MM: Też mam tego świadomość, ale jest jeszcze kilka piłkarskich marzeń do spełnienia i mam nadzieję, że uda mi się jeszcze je zrealizować.

TH: Jakie na przykład?

MM: Mistrzostwa: świata w RP6, Polski w futsalu z Legią oraz kraju w piłce sześcioosobowej z Gorlicką.

TH: Czyli nie można powiedzieć, że piłkarsko jesteś przesycony, choć niejeden zapewne takimi sukcesami nasycił się po wsze czasy i najbliższych przy okazji nimi wykarmił. Dobrze, w takim razie:

Niedziela, godzina dwudziesta. Styczeń. Zimno prze potwornie, wiatr hula niemiłosierny. Jesteś świeżo po zdobyciu srebrnego medalu na świecie w minifitbolu. Nie jest to jakaś abstrakcja, tylko realny stan rzeczy.

Jak odnajdujesz więc motywację, ażeby zawitać w tę niedzielną pizgawicę, na taki ligowy mecz z średniakiem w playarenie, która jest przecież ligą amatorską. Trudno tu nie dostrzec - między mistrzostwami a playareną - lekkiej, subtelnej różnicy...

MM: Żona często zadaje mi to samo pytanie.

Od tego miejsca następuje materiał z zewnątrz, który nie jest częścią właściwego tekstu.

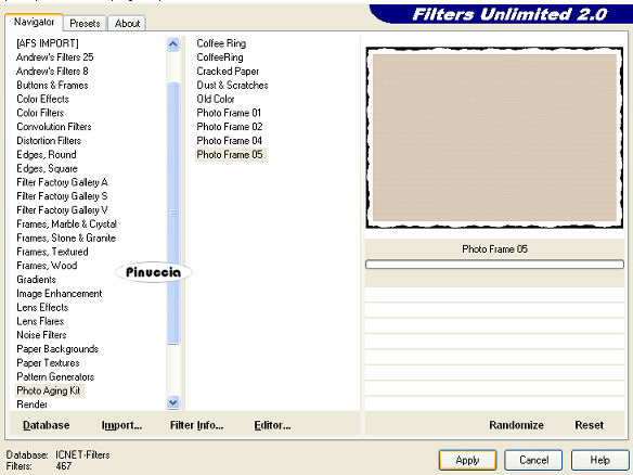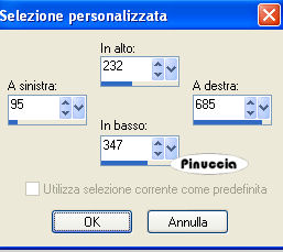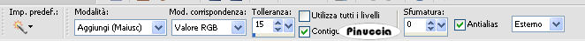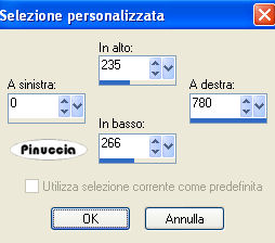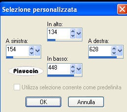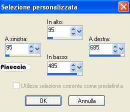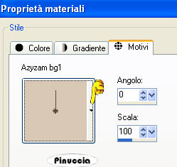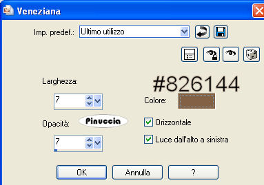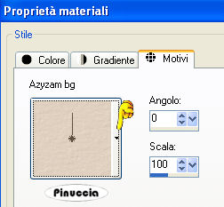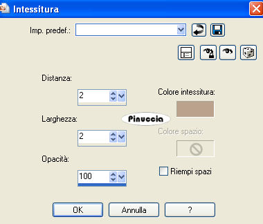 qui puoi trovare qualche risposta ai tuoi dubbi. Se l'argomento che ti interessa non è presente, ti prego di segnalarmelo. Questo tutorial è stato scritto con PSP XI. Per tradurlo, l'ho eseguito con PSP X. Occorrente: Materiale qui Se vuoi condividere i tubes, mantienili al loro stato originale. Filtri: Filters Unlimited 2.0 qui Photo Aging Kit qui Per usare Photo Aging Kit, devi importarlo nel filtro Unlimited. Come fare vedi qui Apri in PSP i tubes e le immagini di sfondo. 1. Apri una nuova immagine trasparente 780 x 580 pixels. Passa il colore di primo piano a Motivi. Apri il menu cliccando sulla freccia a fianco del box e cerca il motivo "Azyzam bg". avendolo aperto in PSP, lo troverai nella lista dei motivi disponibili. ![]() Riempi l'immagine trasparente con questo motivo.Livelli>Nuovo livello raster. Selezione>Seleziona tutto. Selezione>Modifica>Contrai, di 50 pixels. Imposta il colore di primo piano con il secondo Motivo che hai trovato nello zip "Azyzam bg 1" ![]() Riempi la selezione con questo motivo.Effetti>Plugins>Filters Unlimited - Photo Aging Kit - Photo frame 05. ![]() Selezione>Nessuna selezione. Attiva lo strumento Bacchetta magica , tolleranza 15, antialias, esterno selezionati.![]() Seleziona il bordo nero: ![]() Selezione>Modifica>Espandi, di 2 pixels. Premi sulla tastiera il tasto canc ![]() Selezione>Deseleziona. Effetti>Effetti 3D>Sfalsa ombra, con i seguenti settaggi, colore nero: ![]() Livelli>Nuovo livello raster. Selezione>Seleziona tutto. Selezione>Modifica>Contrai, di 90 pixels. Riempi la selezione con il colore #d9c7b5.Effetti>Effetti di trama>Veneziana, con i seguenti settaggi, colore ##826144. ![]() Mantieni selezionato. Livelli>Nuovo livello raster. Riempi con il bianco (#ffffff).Selezione>modifica>Contrai, di 5 pixels. Premi sulla tastiera il tasto canc ![]() Selezione>Deseleziona. Livelli>Unisci>Unisci giù. ![]() 2. Livelli>Nuovo livello raster. Attiva lo strumento Selezione, rettangolo, selezione personalizzata ![]() con i seguenti settaggi: ![]() Riempi la selezione con il bianco.Selezione>Deseleziona. Livelli>Duplica. Immagine>Ruota per gradi, 90 gradi a destra. ![]() Attiva lo strumento Selezione, rettangolo, selezione personalizzata, con i seguenti settaggi: ![]() Selezione>Inverti, e premi sulla tastiera il tasto canc. Livelli>Unisci>Unisci giù. Selezione>Deseleziona. Effetti>Effetti di trama>Veneziana, con i settaggi precedenti. Abbassa l'opacità di questo livello al 40%. ![]() 3. Attiva il livello sotto quello della croce bianca. ![]() Livelli>Duplica. Livelli>Disponi>Porta in alto. Immagine>Ridimensiona, all'80%, tutti i livelli non selezionato. Immagine>Ruota per gradi, 5 gradi a destra. Livelli>Duplica. Immagine>Ruota per gradi, 10 gradi a sinistra. Livelli>Duplica. Immagine>Ruota per gradi, 5 gradi a destra. ![]() Attiva il tube di Tarkan e vai a Modifica>copia. Torna al tuo lavoro e vai a Modifica>Incolla come nuovo livello. Immagine>Ridimensiona, all'80%, tutti i livelli non selezionato. Posiziona il tube al centro della cornice.Attiva lo strumento Selezione, selezione personalizzata, con i seguenti settaggi: ![]() Selezione>Inverti, e premi sulla tastiera il tasto canc. In questo modo saranno cancellate le tracce del tube all'esterno della selezione. Selezione>Deseleziona. 4. Attiva il tube Cross stitches e vai a Modifica>Copia. Torna al tuo lavoro e vai a Modifica>Incolla come nuovo livello. Spostalo in alto, come nel mio esempio.Livelli>Duplica. Immagine>Capovolgi. Attiva il tube Flower e vai a Modifica>Copia. Torna al tuo lavoro e vai a Modifica>Incolla come nuovo livello. Spostalo nell'angolo in alto a destra.Livelli>Duplica. Immagine>Rifletti. Immagine>Capovolgi. Sistema il fiore nell'angolo in basso a sinistra.5. Livelli>Nuovo livello raster. Attiva lo strumento Selezione, selezione personalizzata, con i seguenti settaggi: ![]() Riempi la selezione con il colore bianco.Selezione>Modifica>Contrai, di 4 pixels. Riempi con il colore rosa di primo piano #d9c7b7.Effetti>Effetti di trama>Intessitura, con i seguenti settaggi, colore dell'intessitura #bba28d. ![]() Selezione>Deseleziona. Immagine>Ruota per gradi, 30 gradi a sinistra. Sposta la striscia nell'angolo in alto a sinistra, come nel mio esempio.Livelli>Duplica. Immagine>Capovolgi. Immagine>Rifletti. Sposta il duplicato nell'angolo in basso a destra.Attiva il tube del fiocco "Strikje" e vai a Modifica>Copia. Torna al tuo lavoro e vai a Modifica>Incolla come nuovo livello. Posiziona il fiocco al centro della striscia a destra, come nel mio esempio.Livelli>Duplica, due volte, e posiziona i fiocchi come nel mio esempio.Attiva il tube del cuore "hangertje" e vai a Modifica>Copia. Torna al tuo lavoro e vai a Modifica>Incolla come nuovo livello. Sposta il tube in alto a sinistra.Immagine>Aggiungi bordatura, 2 pixels, simmetriche, con il colore bianco. Immagine>Aggiungi bordatura, 2 pixels, simmetriche, con il colore rosa. Immagine>Aggiungi bordatura, 2 pixels, simmetriche, con il colore bianco. Aggiungi il tuo nome e/o il tuo watermark e salva in formato jpg. ![]() Se hai problemi o dubbi, o trovi un link non funzionante, o anche soltanto per un saluto, scrivimi 21 Luglio 2007 |

Mnie jednak jakoś szczególnie mobilizować nie trzeba. Po prostu kocham to i sprawa mi to niesamowitą przyjemność. Tak samo wygrywanie, to co mówiłeś. Nienawidzę przegrywać, nawet w gierkach treningowych. Jak przyjeżdżam na Gorlicką i widzę wśród naszych ten głód, to wiem, że mamy jeszcze razem wiele do osiągnięcia. Odnajduję drugą młodość. Gdy przychodziłem do tego klubu, to od razu zaznaczyłem, że przychodzę tu po to, aby wygrać mistrzostwo Polski.

TH: Mistrzostwo Polski, którego nie udało się wygrać nawet z Ganadorem, gdzie mieliście konstelacje gwiazd i byliście - przynajmniej moim zdaniem - głównym faworytem turnieju...

MM: Faktycznie mieliśmy wówczas bardzo dobry i silny skład, ale już na finałowy turniej nie udało się go nam skompletować. Indywidualne błędy oraz braki sprawiły, że przegraliśmy półfinał i musieliśmy zadowolić się trzecim miejscem w Polsce.

TH: Nie mniejszy gwiazdozbiór możemy odnaleźć również w Gorlickiej. Będziecie najlepszą ekipą w Polsce w piłce sześcioosobowej?

MM: Gorlicka różni się od Ganadoru, choćby tym, że mój obecny klub jest lepiej zorganizowany w ataku pozycyjnym, jak i grze obronnej. Na pewno będziemy do tego aspirować, ale nie tylko my jesteśmy tacy zdeterminowani, aby to osiągnąć. Myślę, że poziom na przyszłorocznych MP będzie najwyższy od lat, gdy weźmie się pod uwagę przykładowo transfery, jakich dokonuje drużyna Dentim Clinic Katowice i na to, jaką mają jakość w swoich szeregach.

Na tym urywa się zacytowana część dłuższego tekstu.